Will Newton Oct. 29, 2014, 2:05 p.m. UTC | #2

On 29 October 2014 13:43, Wilco Dijkstra <wdijkstr@arm.com> wrote:
> This patch aligns allocations of large blocks to a cacheline on ARM and AArch64. The main goal is to
> reduce performance variations due to random alignment choices, however it improves performance on
> several benchmarks as well. SPECFP2000 improves by ~1.5%.
>
> Any comments?

This bug may be relevant to changing malloc alignments:

https://sourceware.org/bugzilla/show_bug.cgi?id=6527

I don't know precisely what the issue is with malloc_get_state so I am
not sure if it applies here.

> ChangeLog:
> 2014-10-29  Wilco Dijkstra  <wdijkstr@arm.com>
>
>         * malloc/malloc.c (__libc_malloc): Add support for aligning large blocks.

I think this should be:

malloc/malloc.c (__libc_malloc) [MALLOC_LARGE_BLOCK_ALIGN]: Add
support for aligning large blocks.

Although I am not a GNU ChangeLog expert...
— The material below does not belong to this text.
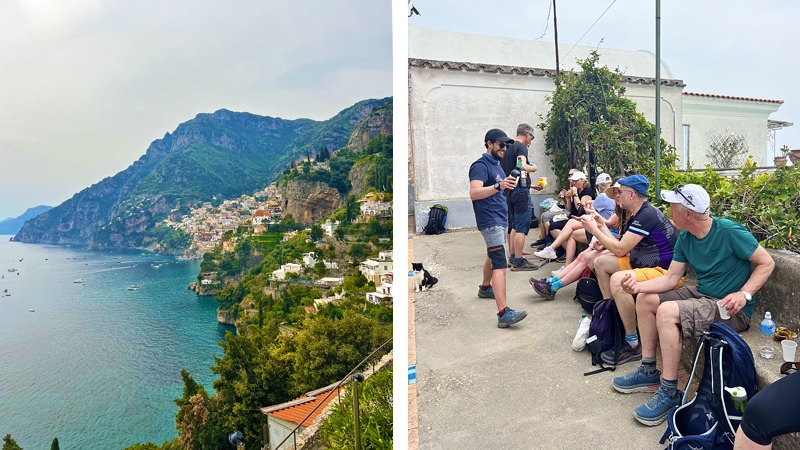 Dagen etter var det klart for første vandredag og etter frokost spente vi på oss joggeskoene og satt kursen mot Agerola, startpunktet for dagens tur. Her fikk vi med oss deilige hjemmelagede sandwicher og satt i marsj på Gudestien (på italiensk «Sentiero degli Dei»). Denne turen har en helt fantastisk utsikt over havet og vi fikk se mange av de fine landsbyene som ligger langs kysten.

>         * sysdeps/unix/sysv/linux/aarch64/malloc-sysdep.h: New file.
>         New defines (MALLOC_LARGE_BLOCK_ALIGN), (MALLOC_LARGE_BLOCK_SIZE).

"New file." should be sufficient.

>         * sysdeps/unix/sysv/linux/arm/malloc-sysdep.h: Likewise.
>
> ---
>  malloc/malloc.c                                 |    8 ++++++++
>  sysdeps/unix/sysv/linux/aarch64/malloc-sysdep.h |   23 +++++++++++++++++++++++
>  sysdeps/unix/sysv/linux/arm/malloc-sysdep.h     |   23 +++++++++++++++++++++++
>  3 files changed, 54 insertions(+)
>  create mode 100644 sysdeps/unix/sysv/linux/aarch64/malloc-sysdep.h
>  create mode 100644 sysdeps/unix/sysv/linux/arm/malloc-sysdep.h
>
> diff --git a/malloc/malloc.c b/malloc/malloc.c
> index 6cbe9f3..0b0466e 100644
> --- a/malloc/malloc.c
> +++ b/malloc/malloc.c
> @@ -2878,6 +2878,14 @@ __libc_malloc (size_t bytes)
>    mstate ar_ptr;
>    void *victim;
>
> +#ifdef MALLOC_LARGE_BLOCK_ALIGN
> +  if (bytes > MALLOC_LARGE_BLOCK_SIZE)
> +    {
> +      void *address = RETURN_ADDRESS (0);
> +      return _mid_memalign (MALLOC_LARGE_BLOCK_ALIGN, bytes, address);
> +    }
> +#endif
> +

This will change the behaviour of malloc hooks i.e. the malloc hook
will not get triggered but memalign will.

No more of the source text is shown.